● **WORK REQUEST**
Once the pictures have been set aside, copy every remaining entry exactly.

[Items listed in a dataset]
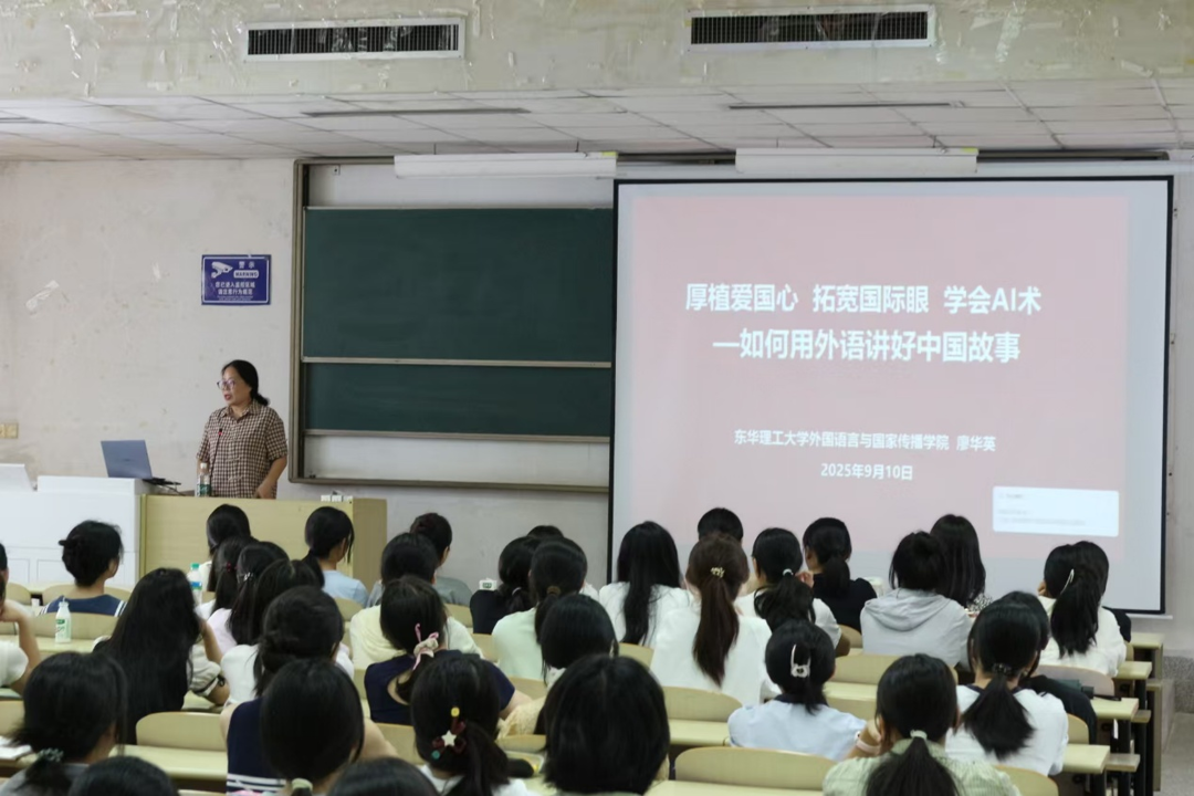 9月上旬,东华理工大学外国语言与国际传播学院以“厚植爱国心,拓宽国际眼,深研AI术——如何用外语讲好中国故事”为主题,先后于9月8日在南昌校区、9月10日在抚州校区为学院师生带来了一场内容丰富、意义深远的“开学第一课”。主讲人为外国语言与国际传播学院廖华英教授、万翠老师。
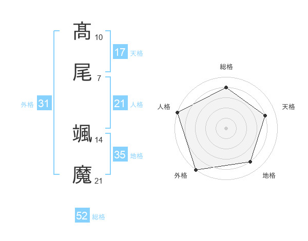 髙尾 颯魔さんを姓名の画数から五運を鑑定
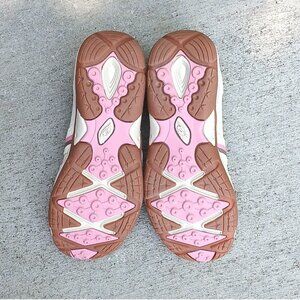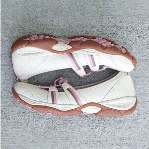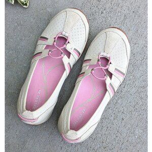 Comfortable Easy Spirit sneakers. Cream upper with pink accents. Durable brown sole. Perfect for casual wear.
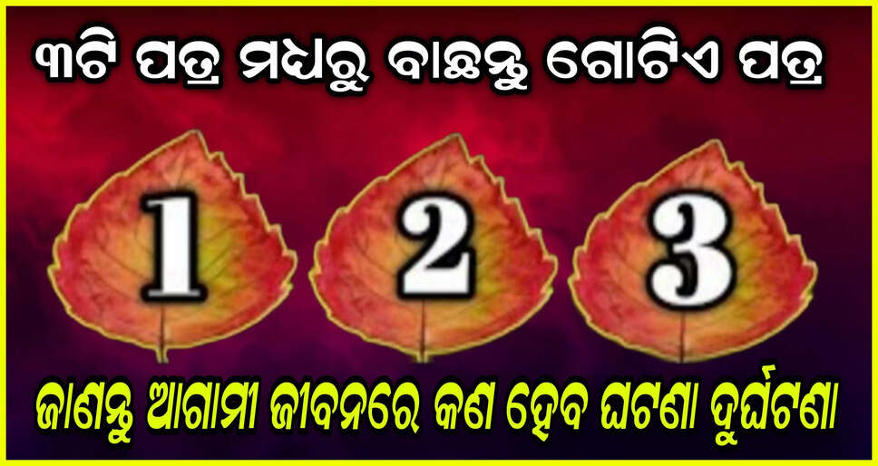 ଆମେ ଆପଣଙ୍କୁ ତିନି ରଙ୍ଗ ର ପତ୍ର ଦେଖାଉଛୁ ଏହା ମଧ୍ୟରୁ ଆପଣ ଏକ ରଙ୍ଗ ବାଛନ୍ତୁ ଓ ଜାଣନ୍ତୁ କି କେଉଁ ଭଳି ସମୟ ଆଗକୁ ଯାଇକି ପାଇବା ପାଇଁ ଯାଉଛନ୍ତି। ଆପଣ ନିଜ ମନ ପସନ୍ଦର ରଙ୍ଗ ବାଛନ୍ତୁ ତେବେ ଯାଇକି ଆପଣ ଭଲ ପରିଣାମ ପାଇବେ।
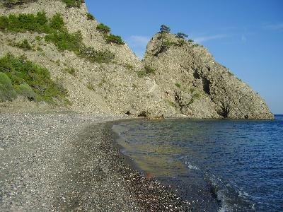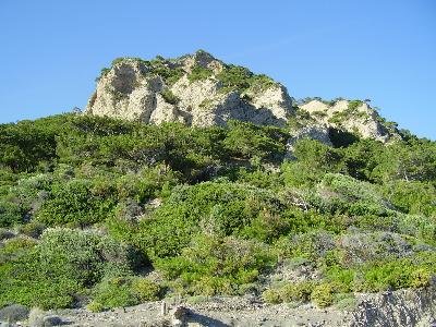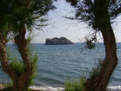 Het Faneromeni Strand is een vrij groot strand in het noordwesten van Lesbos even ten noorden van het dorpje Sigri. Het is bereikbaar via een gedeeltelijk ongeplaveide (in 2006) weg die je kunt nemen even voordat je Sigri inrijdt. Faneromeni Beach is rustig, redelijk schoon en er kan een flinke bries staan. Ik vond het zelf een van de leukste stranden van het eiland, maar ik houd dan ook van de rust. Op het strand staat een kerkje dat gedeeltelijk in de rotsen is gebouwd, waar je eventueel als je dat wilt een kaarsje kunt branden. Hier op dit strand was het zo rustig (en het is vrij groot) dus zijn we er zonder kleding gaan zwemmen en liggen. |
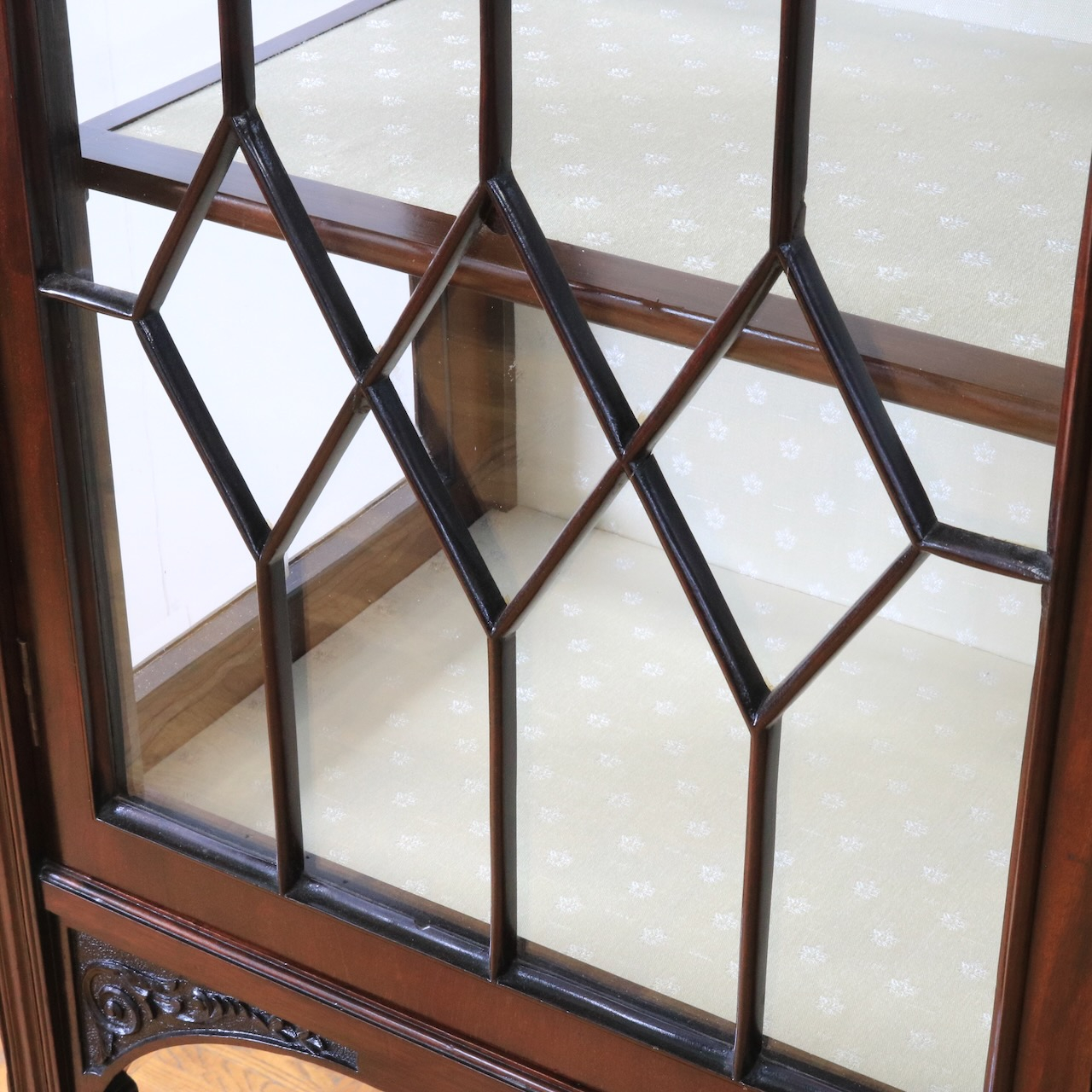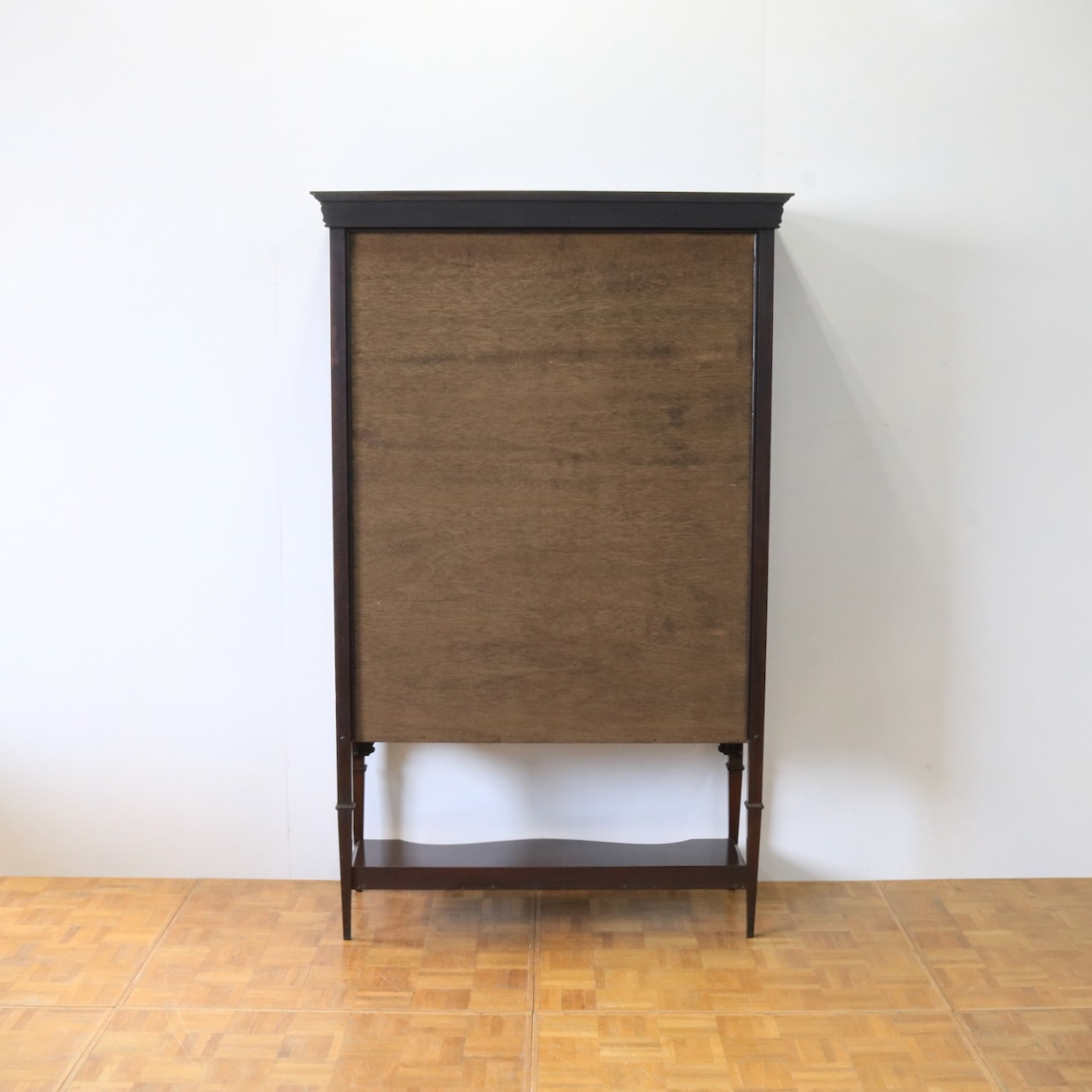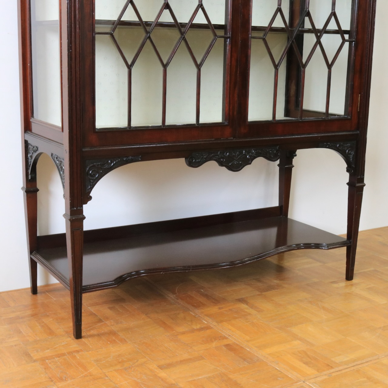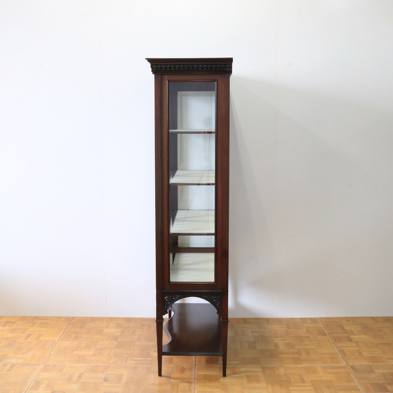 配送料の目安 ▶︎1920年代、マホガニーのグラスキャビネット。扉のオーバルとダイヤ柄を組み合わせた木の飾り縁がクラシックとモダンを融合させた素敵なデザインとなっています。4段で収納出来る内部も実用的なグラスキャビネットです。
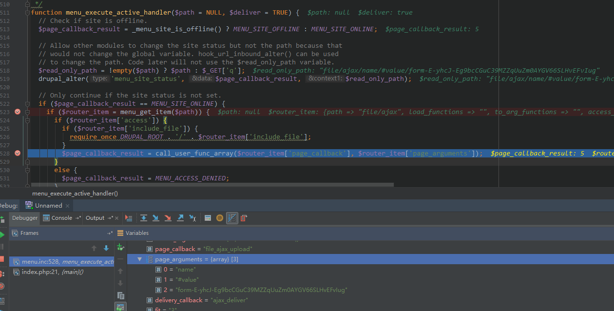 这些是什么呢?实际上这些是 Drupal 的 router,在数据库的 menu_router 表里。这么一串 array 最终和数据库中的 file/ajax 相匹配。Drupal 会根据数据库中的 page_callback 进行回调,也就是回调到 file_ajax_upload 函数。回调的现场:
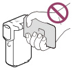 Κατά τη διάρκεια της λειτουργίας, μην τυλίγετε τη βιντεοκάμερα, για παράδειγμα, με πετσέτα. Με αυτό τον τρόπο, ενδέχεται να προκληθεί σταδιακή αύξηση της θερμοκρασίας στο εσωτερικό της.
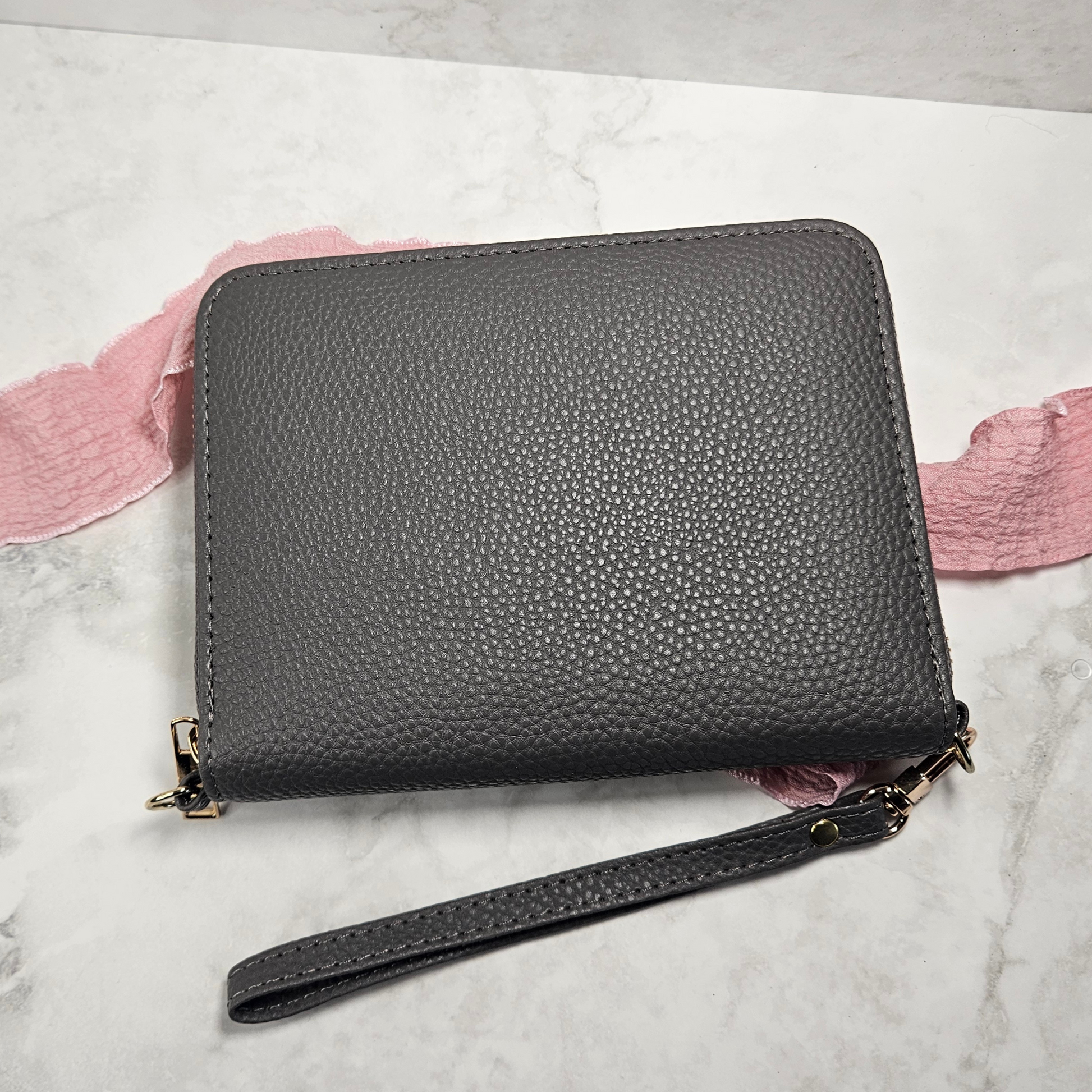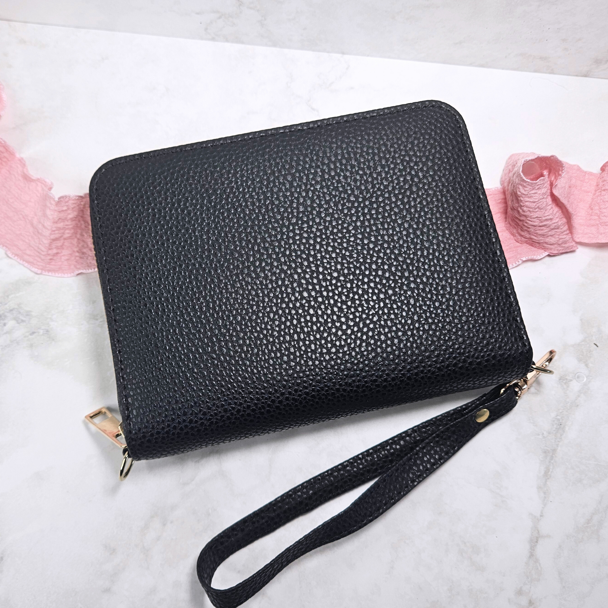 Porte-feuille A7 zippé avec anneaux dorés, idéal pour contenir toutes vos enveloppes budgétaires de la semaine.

● **ANSWER TO THIS TASK**
 9月上旬,东华理工大学外国语言与国际传播学院以“厚植爱国心,拓宽国际眼,深研AI术——如何用外语讲好中国故事”为主题,先后于9月8日在南昌校区、9月10日在抚州校区为学院师生带来了一场内容丰富、意义深远的“开学第一课”。主讲人为外国语言与国际传播学院廖华英教授、万翠老师。
 髙尾 颯魔さんを姓名の画数から五運を鑑定
 Comfortable Easy Spirit sneakers. Cream upper with pink accents. Durable brown sole. Perfect for casual wear.
 ଆମେ ଆପଣଙ୍କୁ ତିନି ରଙ୍ଗ ର ପତ୍ର ଦେଖାଉଛୁ ଏହା ମଧ୍ୟରୁ ଆପଣ ଏକ ରଙ୍ଗ ବାଛନ୍ତୁ ଓ ଜାଣନ୍ତୁ କି କେଉଁ ଭଳି ସମୟ ଆଗକୁ ଯାଇକି ପାଇବା ପାଇଁ ଯାଉଛନ୍ତି। ଆପଣ ନିଜ ମନ ପସନ୍ଦର ରଙ୍ଗ ବାଛନ୍ତୁ ତେବେ ଯାଇକି ଆପଣ ଭଲ ପରିଣାମ ପାଇବେ।
 Het Faneromeni Strand is een vrij groot strand in het noordwesten van Lesbos even ten noorden van het dorpje Sigri. Het is bereikbaar via een gedeeltelijk ongeplaveide (in 2006) weg die je kunt nemen even voordat je Sigri inrijdt. Faneromeni Beach is rustig, redelijk schoon en er kan een flinke bries staan. Ik vond het zelf een van de leukste stranden van het eiland, maar ik houd dan ook van de rust. Op het strand staat een kerkje dat gedeeltelijk in de rotsen is gebouwd, waar je eventueel als je dat wilt een kaarsje kunt branden. Hier op dit strand was het zo rustig (en het is vrij groot) dus zijn we er zonder kleding gaan zwemmen en liggen. |
 配送料の目安 ▶︎1920年代、マホガニーのグラスキャビネット。扉のオーバルとダイヤ柄を組み合わせた木の飾り縁がクラシックとモダンを融合させた素敵なデザインとなっています。4段で収納出来る内部も実用的なグラスキャビネットです。
 这些是什么呢?实际上这些是 Drupal 的 router,在数据库的 menu_router 表里。这么一串 array 最终和数据库中的 file/ajax 相匹配。Drupal 会根据数据库中的 page_callback 进行回调,也就是回调到 file_ajax_upload 函数。回调的现场:
 Κατά τη διάρκεια της λειτουργίας, μην τυλίγετε τη βιντεοκάμερα, για παράδειγμα, με πετσέτα. Με αυτό τον τρόπο, ενδέχεται να προκληθεί σταδιακή αύξηση της θερμοκρασίας στο εσωτερικό της.
 Porte-feuille A7 zippé avec anneaux dorés, idéal pour contenir toutes vos enveloppes budgétaires de la semaine.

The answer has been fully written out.